Wednesday, 28 June 2017

computer_shutterstock_667763311.jpgThe recent WannaCry cyber-attack on the NHS caused it to grind to a halt with many users told to power down their PCs through fear of the virus spreading and demanding a ransom to unlock important files. Hospitals and GP surgeries throughout the country had to turn away patients and cancel appointments or even operating lists.

We have all been told not to click on links within emails that we don’t recognise and many staff are getting much better at recognising the offending messages; “Your account has been suspended” or “HMRC need to urgently speak to you about a tax refund” are just two common examples.

However, the new malware attacks seem to be exploiting holes within the operating system. The latest cyber-attack seemed to hit machines that had not patched their windows operating system. WannaCry exploited a vulnerability in Microsoft, which released a patch to fix it in March 2017. However, many NHS organisations hadn’t installed updates on their computers for some time, causing this security hole to stay open.

But where do these viruses originate from? What is interesting is that government agencies across the world may have contributed or even provided the building blocks for the attack. Following last month’s WannaCry outbreak, some of the blame was directed at US intelligence agencies the CIA and the National Security Agency (NSA) who were accused of “stockpiling” software code which could be exploited by hackers.
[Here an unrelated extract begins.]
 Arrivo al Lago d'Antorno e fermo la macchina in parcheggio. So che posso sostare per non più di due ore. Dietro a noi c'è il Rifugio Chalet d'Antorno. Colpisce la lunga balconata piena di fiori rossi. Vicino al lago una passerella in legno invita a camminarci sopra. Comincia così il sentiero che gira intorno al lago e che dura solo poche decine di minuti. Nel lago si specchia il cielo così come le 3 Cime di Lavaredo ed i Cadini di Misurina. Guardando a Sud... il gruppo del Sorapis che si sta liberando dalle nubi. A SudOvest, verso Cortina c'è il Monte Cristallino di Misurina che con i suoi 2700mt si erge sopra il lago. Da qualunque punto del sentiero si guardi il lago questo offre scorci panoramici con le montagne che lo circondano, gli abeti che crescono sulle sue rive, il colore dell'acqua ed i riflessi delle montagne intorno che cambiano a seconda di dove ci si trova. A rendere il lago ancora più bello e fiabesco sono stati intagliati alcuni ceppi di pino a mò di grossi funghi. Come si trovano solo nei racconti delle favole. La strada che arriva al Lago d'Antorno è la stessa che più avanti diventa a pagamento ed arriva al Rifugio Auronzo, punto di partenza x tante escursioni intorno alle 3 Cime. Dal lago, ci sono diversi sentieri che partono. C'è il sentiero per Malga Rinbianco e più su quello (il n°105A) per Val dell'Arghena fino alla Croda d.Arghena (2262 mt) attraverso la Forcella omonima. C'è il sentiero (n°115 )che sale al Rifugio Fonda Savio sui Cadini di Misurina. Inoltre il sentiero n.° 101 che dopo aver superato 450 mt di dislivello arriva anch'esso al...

This software was allegedly leaked by a hacker group calling themselves “The Shadow Brokers” into general circulation, allowing anyone to use it as a weapon.

In our area, we escaped relatively unscathed which was a huge relief. This was down to our excellent IT teams who patch our machines remotely with key updates, as and when they are released. However, despite the possible chaos that an attack can cause, I still hear staff members complaining about their computers being updated and restarted and how this is a real annoyance to their day. Possibly, unless you have been affected by a serious computer virus or malware attack, you may see this requirement to update as a mere annoyance sent to cause havoc to your day.
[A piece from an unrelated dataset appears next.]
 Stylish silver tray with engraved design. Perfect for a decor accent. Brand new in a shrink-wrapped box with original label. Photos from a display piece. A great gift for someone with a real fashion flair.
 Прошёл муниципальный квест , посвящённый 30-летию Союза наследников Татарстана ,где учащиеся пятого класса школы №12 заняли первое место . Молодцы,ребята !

But, in our digital life, as in the NHS, we want smooth, fast transactions. Many patients now assume their notes to be available both in out-of-hours as well as when they attend secondary care for appointments. Many accept that there is information transfer between hospitals and GP surgeries and this is done quickly as soon as a referral is indicated. Our clinical systems are increasingly cloud based and soon many patient documents will be held within the cloud, facilitating closer working in systems such as those offered by GP clusters, delivering extended-hours care.
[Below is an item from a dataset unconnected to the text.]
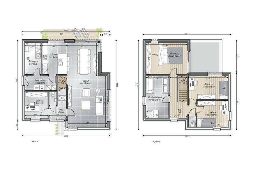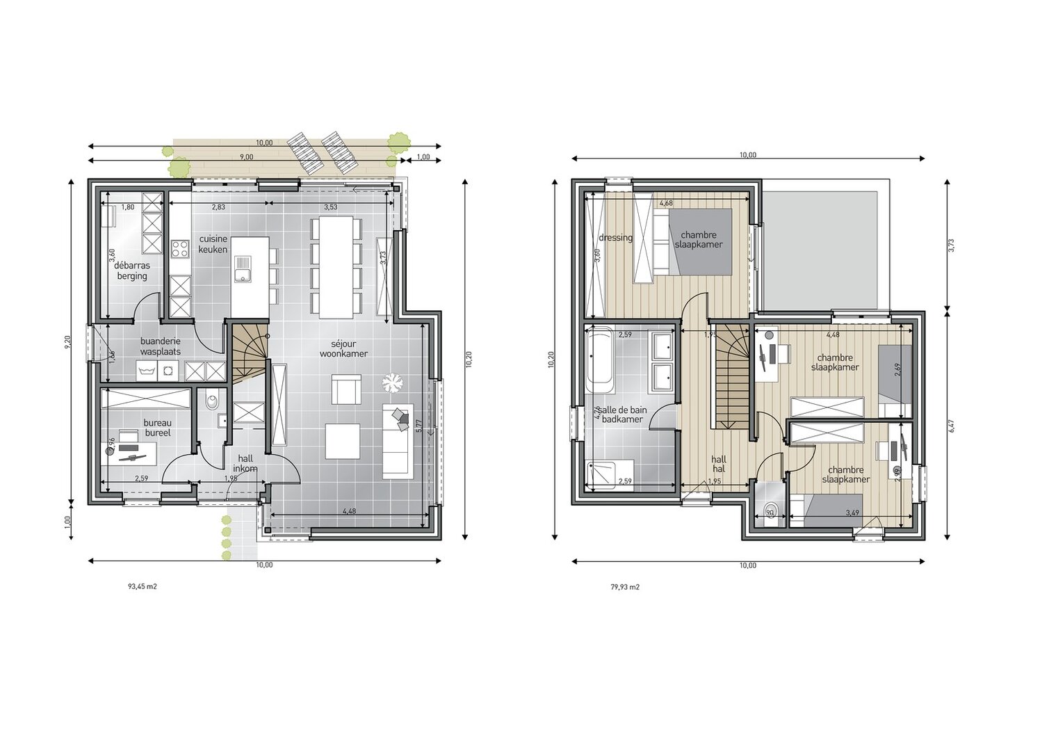 De woning heeft een breedte van 10 meter en een maximale diepte van 10,20 meter, ideaal voor dit perceel. Indien gewenst, kan deze woning ook gebouwd worden met een hellend zadeldak.

However, the public has little tolerance of clinical data that has been lost. It was revealed in February that thousands of documents containing medical notes, test results and treatment plans were put into storage for years by mistake. A recent National Audit Office report found this led to around 1,700 cases of potential harm caused to patients. The BMA came out to say the failures made by NHS SBS relating to delays and mislaid clinical correspondence were “a disgrace” and called on the government to ensure such a situation never happened again.

So, surely we cannot have it all ways? If we wish to have information available to clinicians when a patient presents, then staff working within the NHS must accept the inconvenience of computers being kept secure. Patients will also expect this to be hard wired into the NHS so they can be secure in the knowledge that their personal clinical information is safe. There will always be people who feel we should stick with local, paper based records and opt-out of any data sharing. But, are these patients putting their health at risk for example if they are admitted to hospital and unable to give staff clear background medical information? Possibly.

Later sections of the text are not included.